Safety Model
How SikkerKey prevents split credentials, data loss, and zombie agents.
The sync agent manages database credentials. A bug here doesn't just lose data — it locks users out of their production database. The safety model is designed around one principle: the live secret must always match what the database accepts.
Two-Phase Rotation
SikkerKey never updates the live secret value until the database is confirmed to have the new password. This is the core safety guarantee.
Without two-phase (naive approach)
- SikkerKey rotates the password
- Agent polls, sees the change, tries to apply
- If the agent is down or the apply fails, the database has the old password but SikkerKey has the new one
- Every service reading from SikkerKey gets credentials that don't work
With two-phase (what SikkerKey does)
- SikkerKey generates a new password and holds it as pending
- Agent detects the pending rotation and applies it to the database
- Agent verifies the new password works by connecting as the managed user
- Agent confirms back to SikkerKey
- SikkerKey promotes the pending value to the live secret
- If any step fails, the live secret stays at the old (working) password
The key difference: the secret value that machines read via SDK/CLI is always the password that the database actually accepts. There is no window where they can disagree.
Verification After Apply
The agent does not trust that ALTER ROLE succeeded just because it didn't return an error. After applying the new credentials, the agent makes a separate connection to the database using the managed username and the new password. Only if this test connection succeeds does the agent confirm.
This catches edge cases like:
- The ALTER command succeeded but the password policy rejected the value
- The connection pool returned a stale connection that didn't reflect the change
- A different process reverted the password between the ALTER and the verify
Rollback on Verify Failure
If the apply succeeds but verification fails (the new password doesn't work despite the ALTER returning success), the agent:
- Fetches the current live secret from SikkerKey (which is still the old password)

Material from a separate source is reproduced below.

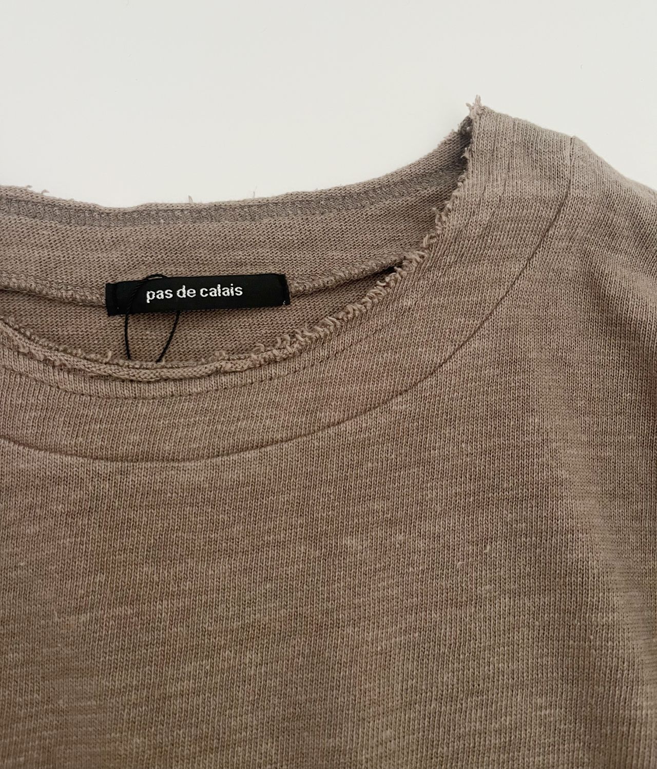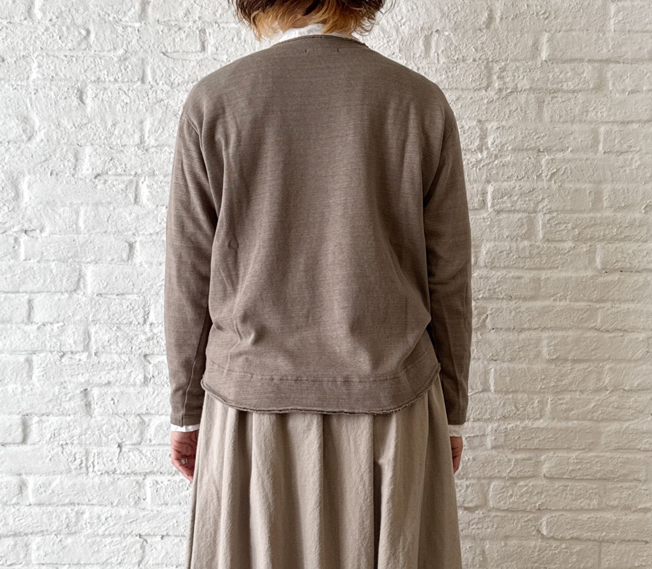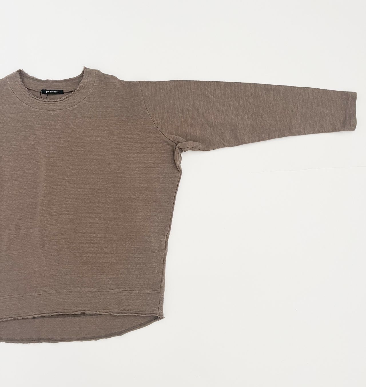 シルエットはシンプルですが、衿や裾をカットオフにしてカジュアル感を出したプルオーバー。

- Applies the old password back to the database
- Rejects the rotation with both the verify error and the rollback result
- SikkerKey clears the pending state and logs the error
If the rollback also fails, the error message includes both failures so the operator can intervene manually.
Agent Lock
Each managed secret is locked to exactly one machine. The first machine to fetch the sync config becomes the registered agent (agentMachineId is recorded). Subsequent requests from a different machine are rejected with HTTP 409 on sync-config fetch and HTTP 403 on confirm/reject.
This prevents:
- Two agents racing to apply the same rotation (double ALTER ROLE)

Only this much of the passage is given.